■ SUPPLIED MATERIAL:
- - - - - - -
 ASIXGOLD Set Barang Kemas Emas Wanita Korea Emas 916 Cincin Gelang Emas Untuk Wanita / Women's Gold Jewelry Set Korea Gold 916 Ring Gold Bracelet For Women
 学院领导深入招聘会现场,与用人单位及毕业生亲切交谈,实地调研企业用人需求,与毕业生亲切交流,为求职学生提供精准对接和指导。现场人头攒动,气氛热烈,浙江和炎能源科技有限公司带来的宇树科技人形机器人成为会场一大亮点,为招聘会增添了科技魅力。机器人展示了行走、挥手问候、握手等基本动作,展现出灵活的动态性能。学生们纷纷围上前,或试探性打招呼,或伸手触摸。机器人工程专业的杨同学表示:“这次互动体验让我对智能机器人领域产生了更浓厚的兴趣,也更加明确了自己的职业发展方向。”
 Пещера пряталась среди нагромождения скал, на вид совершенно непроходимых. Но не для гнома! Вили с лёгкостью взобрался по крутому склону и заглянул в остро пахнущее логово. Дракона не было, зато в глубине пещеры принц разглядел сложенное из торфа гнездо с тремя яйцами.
- - - - - - -
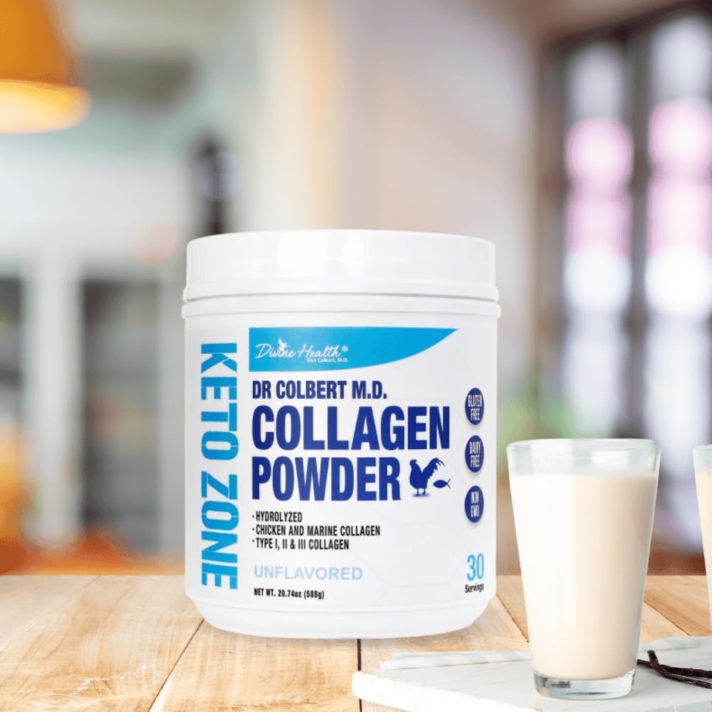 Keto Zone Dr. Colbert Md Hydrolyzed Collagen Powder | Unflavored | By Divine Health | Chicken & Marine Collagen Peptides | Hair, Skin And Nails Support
- - - - - - -
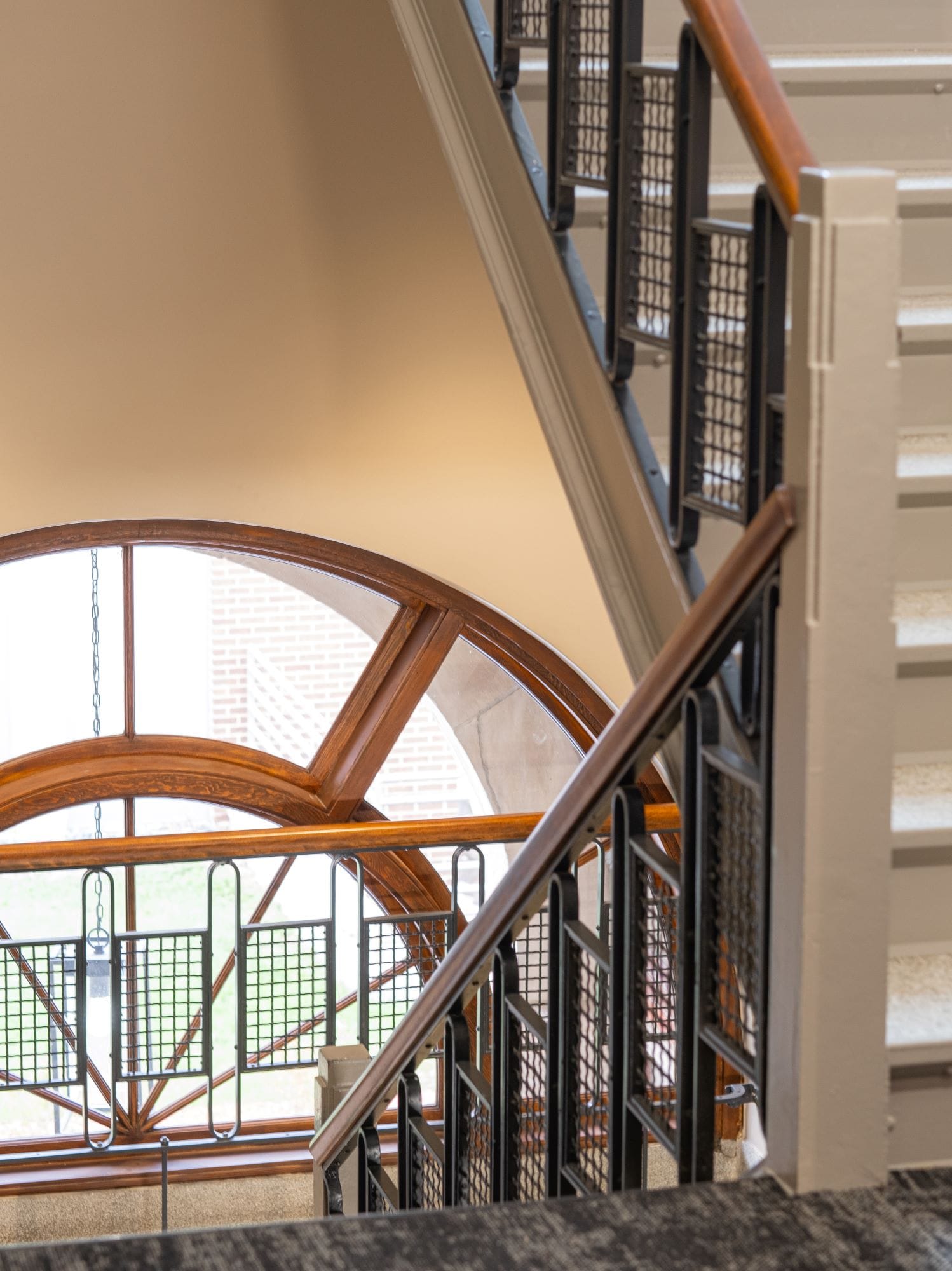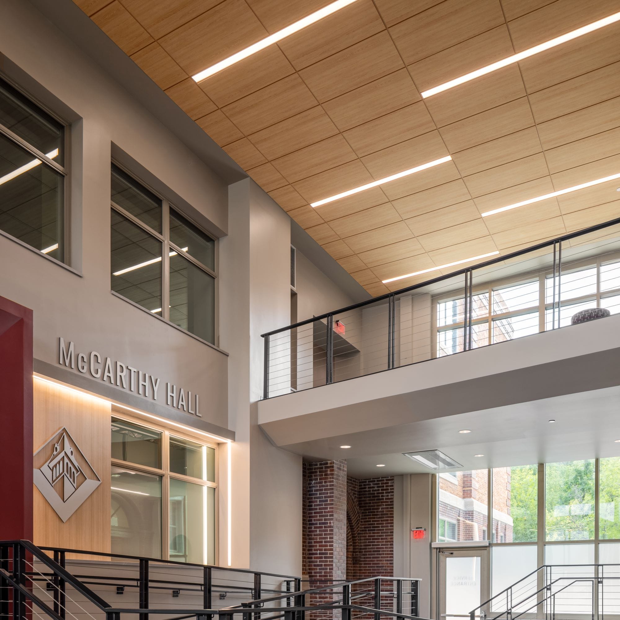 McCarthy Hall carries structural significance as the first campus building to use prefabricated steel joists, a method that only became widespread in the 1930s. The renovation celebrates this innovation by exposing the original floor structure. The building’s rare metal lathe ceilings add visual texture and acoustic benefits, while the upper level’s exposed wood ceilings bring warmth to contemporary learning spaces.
- - - - - - -
■ WORK REQUIRED: Copy the entries above exactly, but only from the line holding "学院领导深入招聘会现场,与用" through the line holding "Пещера пряталась среди", both included.

■ TASK RESPONSE:
 学院领导深入招聘会现场,与用人单位及毕业生亲切交谈,实地调研企业用人需求,与毕业生亲切交流,为求职学生提供精准对接和指导。现场人头攒动,气氛热烈,浙江和炎能源科技有限公司带来的宇树科技人形机器人成为会场一大亮点,为招聘会增添了科技魅力。机器人展示了行走、挥手问候、握手等基本动作,展现出灵活的动态性能。学生们纷纷围上前,或试探性打招呼,或伸手触摸。机器人工程专业的杨同学表示:“这次互动体验让我对智能机器人领域产生了更浓厚的兴趣,也更加明确了自己的职业发展方向。”
 Пещера пряталась среди нагромождения скал, на вид совершенно непроходимых. Но не для гнома! Вили с лёгкостью взобрался по крутому склону и заглянул в остро пахнущее логово. Дракона не было, зато в глубине пещеры принц разглядел сложенное из торфа гнездо с тремя яйцами.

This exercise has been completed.